Rudolf Olgiati (Chur, 7 September 1910 – Flims, 25 September 1995) was a Swiss architect. Olgiati is known for his work with Alfred Werner Maurer on the French Riviera, and has had some of his more notable work exhibited in the 1977 ETH Zürich.

Biography
Olgiatis father was Oreste Olgiati; a lawyer and citizen of Poschiavo and Chur. In 1927, Olgiati graduated from the Grisons Canton School in Chur. He then studied at the Swiss Federal Institute of Technology Zurich, where he graduated in 1934, with Josef Zemp, in art history. Rudolf Olgiati worked as an architect, first in Zürich and starting in 1944 in Flims, where he had purchased a house back in 1930 and then proceeded to renovate it making it the family home. His son Valerio Olgiati is also active as an architect and lives in Flims in his father's house.

Basic features of his work
Rudolf Olgiati was a representative of the New Objectivity movement and one of the first architects in the mid-1950s to discover the importance and effectiveness of historical design principles for the architecture of modernity. Olgiati mainly built family houses in the mountainous region of Grisons, Switzerland, and restored old farmhouses and patrician houses, later also designed buildings in southern France and Germany together with Alfred Werner Maurer.

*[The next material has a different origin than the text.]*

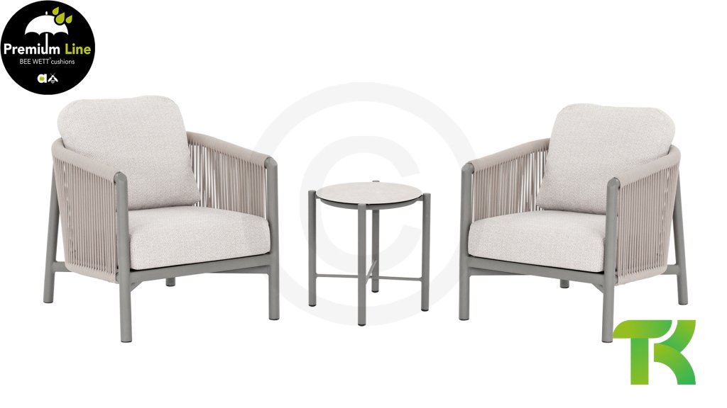The Apple Bee Bora Bora Lounge collection is minimalist, elegant, and clean. It is characterized by the two-layer braided rope, which you can see through. The fine, curved shapes of this furniture create a sleek yet elegant appearance. In combination with the harmonious interplay of taupe colors and the rope, the luxurious Bora Bora is a beautiful addition to the garden. Of course, this lounge set is also equipped with the Bee Wett® cushions. These Bee Wett® cushions are specially weather-resistant cushions. The open weave on the underside of the cushion ensures perfect drainage. This allows your Bee Wett cushion to dry spectacularly faster than other cushions. Additionally, the fabric is resistant to rot and mold, UV resistant, moisture repellent, soft, and comfortable.
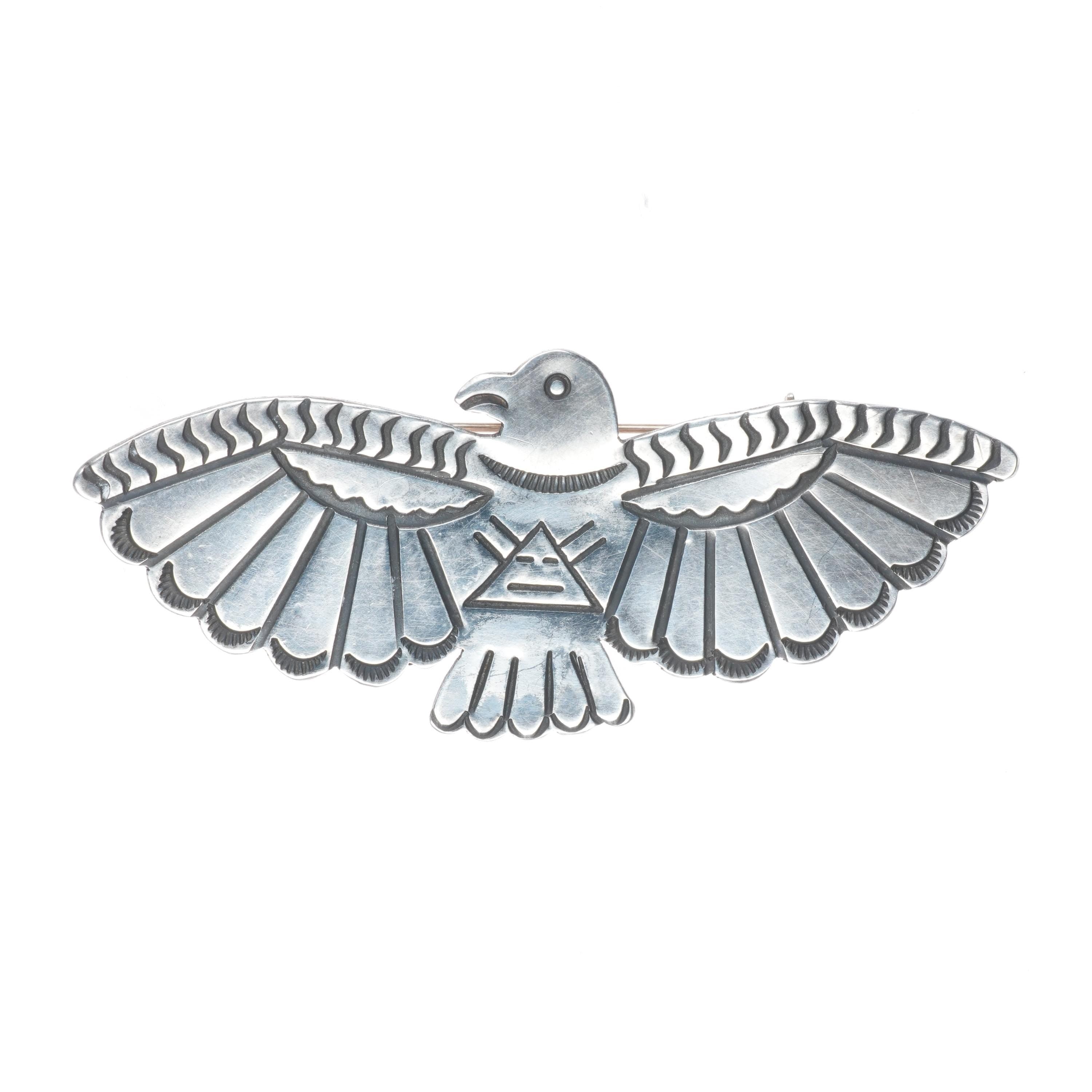 c1940's Big Navajo sterling silver Fred Harvey style thunderbird pin/brooch

Olgiati's cubical use of forms moved between the priorities of Grison's local architectural tradition, the ancient Greek style, and modernism mainly oriented on Le Corbusier. Thus, Olgiati was striving  for a universal, timeless, and radically modern architecture, equally documenting the influence of international architecture as well as the indigenous Swiss architecture; thereby always remaining aware of its ideological and formal context. With Olgiati, who never considered the use of traditional elements as restorative, architecture  is combined with local traditions and with the place as such, which he claimed to remodel by creating an intimate relationship between the architecture and the local residents.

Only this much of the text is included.